Garbage was everywhere. Businesses were boarded up with plywood, if they remained standing. Boats were found several miles from the coast. One was parked, strangely enough, in a Burger King drive through. Shingles on roofs were ripped off. The houses that were standing were gutted or leaning over about to fall. The huge concrete bridge that goes across the bay to the other side was completely shredded. Every piece of the bridge that was meant to sustain the weight of several tons was no longer there. All that remained were the ghost-like concrete slabs erected in the water at equal intervals. The water even ate up the asphalt we were standing on as we surveyed the coast line. Cars were picked up and slammed into houses and on top of other cars. Windows were blown out. Glass and wood and clothes and trash was everywhere. It was like an atomic bomb exploded.

We worked at a house about a mile inland. They had 5 feet of standing water in their house. That means a wave was carried onto the land that carried so much water that houses were buried up to 5 feet one mile inland. And obviously that wave stretched for miles and miles across the Gulf, most likely all the way to Mobile. Houses 3 miles away had standing water as well. Some folks told their terrible stories of having to flee to their attic as water began to rise. One couple was trapped in their attic with no way out and the water rose to their necks. Can you imagine standing there, trapped and completly helpless, with water rising and rising with no promise of ever stopping? I can't imagine being more terrified.

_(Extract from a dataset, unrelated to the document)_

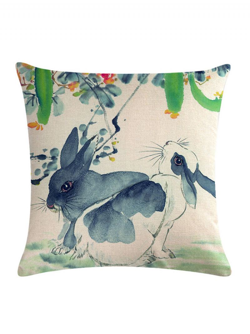 Čínský Akvarelový Potisk Králík Povlečení Bavlněný Potah Na Polštář Domácí Pohovka Kancelářský Sedák Povlaky Na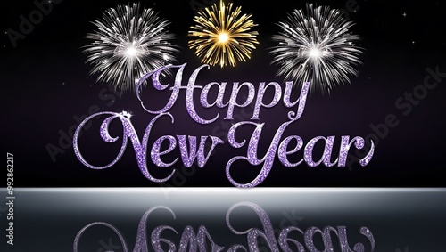 Celebrate the New Year with this elegant and festive design, perfect for capturing the excitement of the holiday. The words "Happy New Year" are written in graceful, swirling cursive.

We saw a van that was laid down sideways in one neighborhood that belonged over a mile away. Car dealerships had cars crunched together, with several of them resting on top of each other. The horror and hero stories will keep coming. We heard a story about one man who drove a jetski through the bay during the eye of the storm to pick up some relatives and drive them back to his trailer just in time before the second eye wall hit.

I did not grow up around hurricanes. The devastation I saw today was enough to tatoo those images in my head for a good while. Some people are left with nothing. Their houses simply do not exist any more. Some only have huge trees smashed through their living rooms. The damage is astronomical. The frustration and disappointment is high. The reality of it all is a bit too real for my liking.

As we drove through the remains, none of us said a word. The sights were too consuming. And so with amazed somberness, we drove on, clueless of what to say and how to help.